Verheijen, P.C.N., Goswami, D., and Lazar, M. (2025). *SuperADMM: Solving Quadratic Programs Faster with Dynamic Weighting ADMM.* arXiv: 2506.11608 [math.OC]. URL: https://arxiv.org/abs/2506.11608

**Bibtex:**
```
@misc{superADMM:Verheijen2025,
      title={{SuperADMM: Solving Quadratic Programs Faster with Dynamic Weighting ADMM}}, 
      author={P. C. N. Verheijen and D. Goswami and M. Lazar},
      year={2025},
      eprint={2506.11608},
      archivePrefix={arXiv},
      primaryClass={math.OC},
      url={https://arxiv.org/abs/2506.11608}, 
}
```

# References
The fast execution of various linear algebraic operations is provided by a set of third party libraries, which we list below:
- [OpenBLAS] Wang Qian, Zhang Xianyi, Zhang Yunquan, Qing Yi, *AUGEM: Automatically Generate High Performance Dense Linear Algebra Kernels on x86 CPUs*, In the International Conference for High Performance Computing, Networking, Storage and Analysis (SC'13), Denver CO, November 2013
- [LAPACK] E. Anderson, Z. Bai, C. Bischof, S. Blackford, J. Demmel, J. Dongarra, J. Du Croz, A. Greenbaum, S. Hammarling, A. McKenney, and D. Sorensen, *LAPACK Users' Guide,* 3rd e.
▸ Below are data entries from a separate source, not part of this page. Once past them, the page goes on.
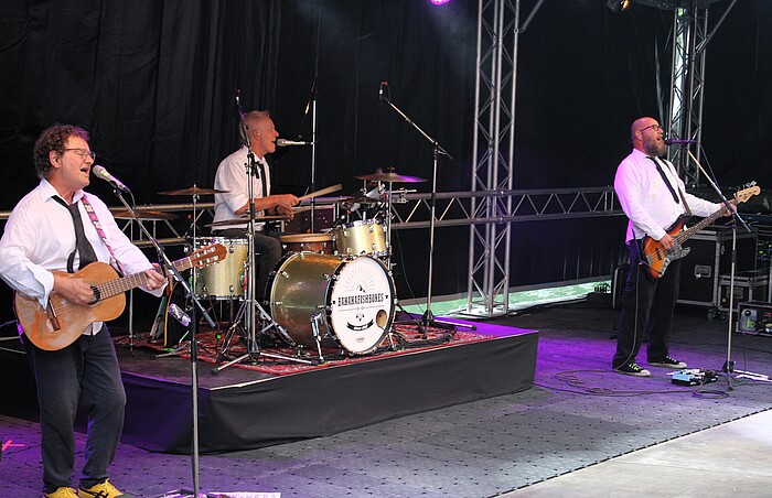 Das fesche Bühnenoutfit von Peter Horn (Gitarre), Florian Rein (Schlagzeug) und Sebastian Horn (Gitarre und Gesang) erinnerte an das Plattencover ihres 1997 veröffentlichten Albums „Viva Conputa", das die Band nun im blauen Vinyl wiederveröffentlicht hat und auch am Fluss-Festival-Stand verkaufte. Ins Schwitzen kam das Trio zunächst nicht. Lässig-entspannte Songs wie „Bum" und „I like a lot" lockten zunächst nur wenige Fans auf die Tanzfläche. Dies änderte sich nach der Konzertpause schlagartig. Zu gefallen wusste vor allem die Cure-Coverversion „Just like heaven" sowie Ausflüge in funkige und vom Techno beeinflusste Soundwelten.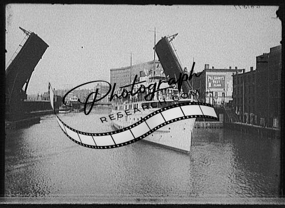 Steamboat United States passing Street bridge,Chicago River,Illinois,IL,1900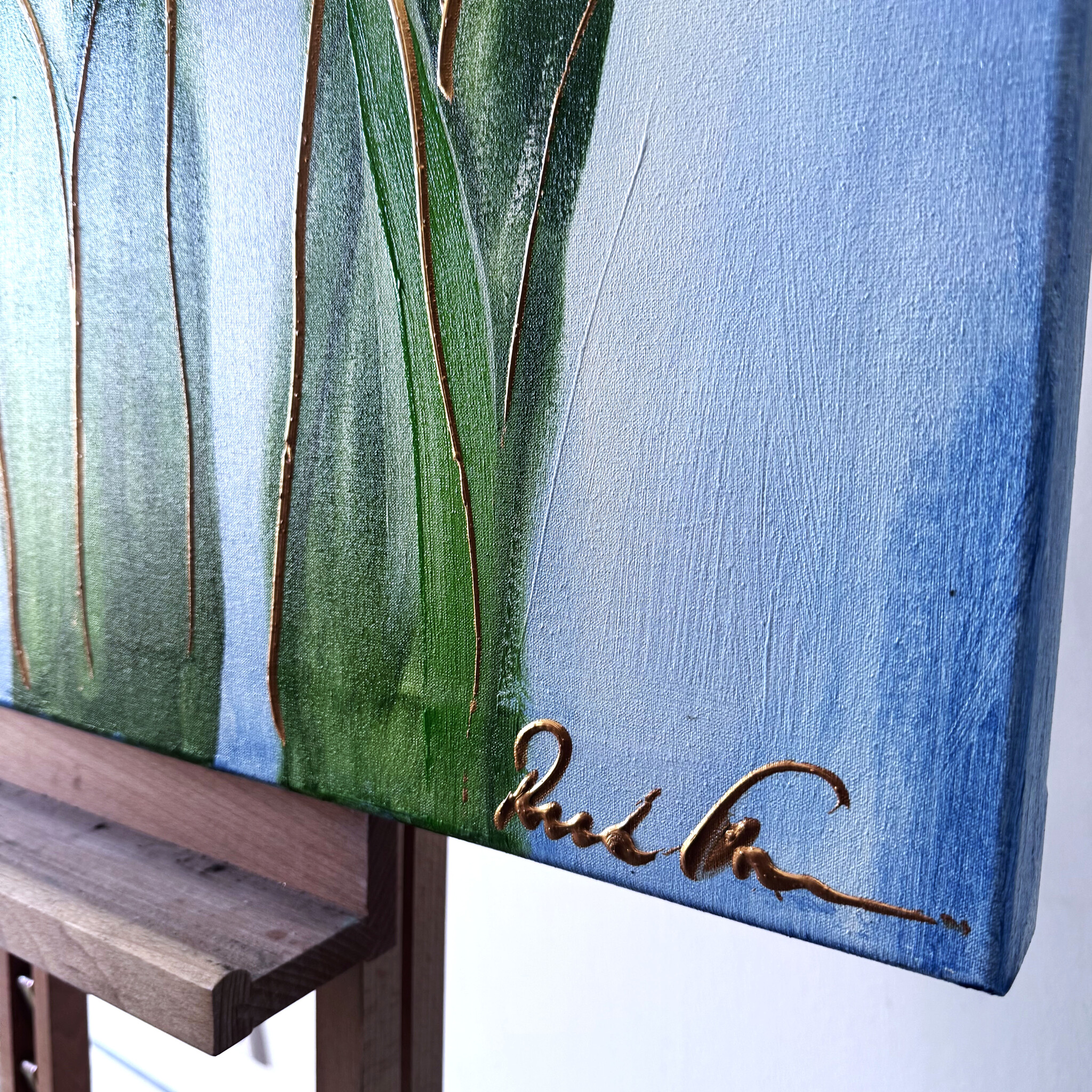 Rick builds the tulip paintings from thick layers of paint and works with a clear handwriting that forms his signature. The thick golden line drawing that completes his work quickly reminds the viewer of Amsterdam & the Netherlands in the golden age.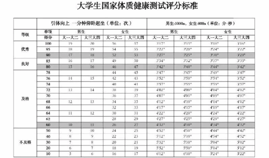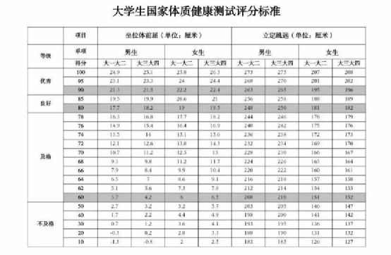 2025-2026学年体质健康测试严格参照《国家学生体质健康标准(2014年修订)》中大学生评分标准执行,各项目具体评分细则详见以下标准图片: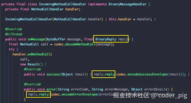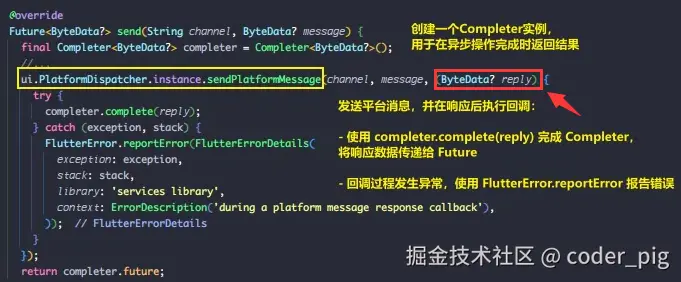 溯源后,可以发现,这个闭包其实就是在 _DefaultBinaryMessenger#send() 中设置的 回调:
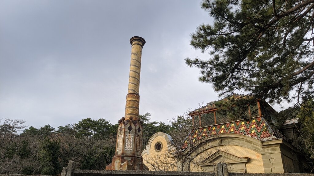 Доступа к антикварным технологиям этой электростанции нет , так что приходится довольствоваться видом экзотического дизайна .столь не свойственного столь прозаическим техобъёктам. Из за забора видно нечто типа пряничного домика и дымовой трубы похожей на рождественский леденец, свиду и не догадаешься что это объект инфраструктуры.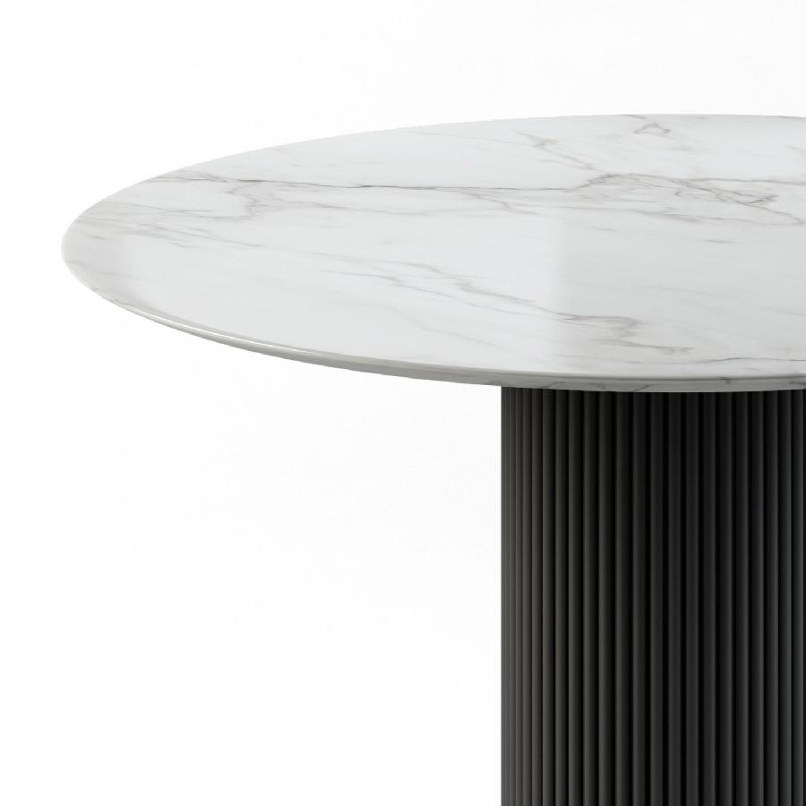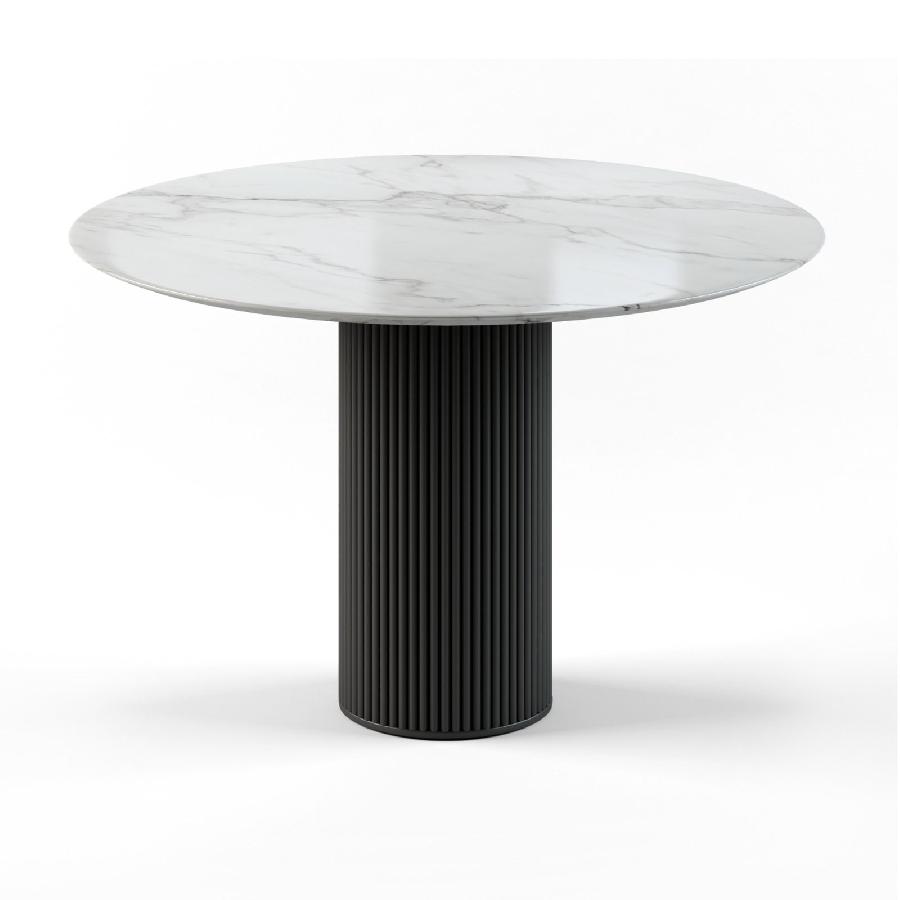 Стол "Nolan" — стильная и изысканная модель с круглой столешницей из керамики, основанием из металла.
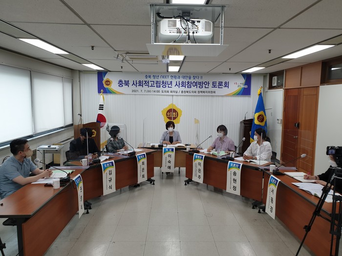 [충북=세계타임즈 이현진 기자] 충청북도의회 정책복지위원회는 7일 도의회 회의실에서 이숙애 도의원(청주1)이 좌장을 맡아 <충북 청년 NEET* 현황과 대안을 찾다!!>라는 주제로 ‘충북 사회적고립청년 사회참여방안 토론회’를 개최했다.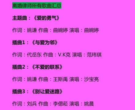 当男律师遇上女律师,当郭芙蓉姚晨遇上萌大叔吴秀波,一出好戏就要开演啦。《离婚律师》是姚晨产后复出主演的首部电视剧,此次姚晨携手人见人爱的大叔吴秀波一起上演一部欢天喜地哭笑不得的“争辩大赛”,剧中姚晨处处与吴秀波为敌,好男人吴秀波则处处忍让,让电视剧《离婚律师》看点多多的,有很多人也特别喜欢剧中的一些插曲,主题曲,以及片尾曲,下面,就是小编为大家深扒出来的各种主题曲插曲,希望大家喜欢哦。剧中的歌曲有《爱的勇气》,《不爱的练习》,《别让爱迷路》,《与爱为邻》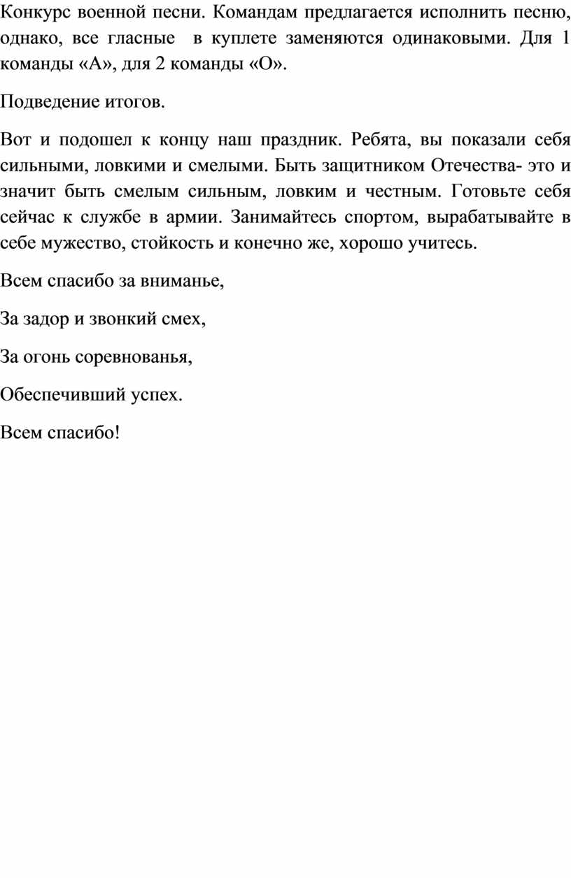 Конкурс военной песни. Командам предлагается исполнить песню, однако, все гласные в куплете заменяются одинаковыми. Для 1 команды «А», для 2 команды «О».

Philadelphia, PA: Society for Industrial and Applied Mathematics, 1999.
- [CSPARSE] T.A. Davis, *Direct Methods for Sparse Linear Systems.* SIAM, 2006
- [LDL] T.A. Davis, *Algorithm 849: A concise sparse cholesky factorization package,* ACM Trans. Math. Softw. vol. 31, no. 4, p. 587-591, Dec. 2005

# License
SuperADMM is licensed under LGPL 2.1.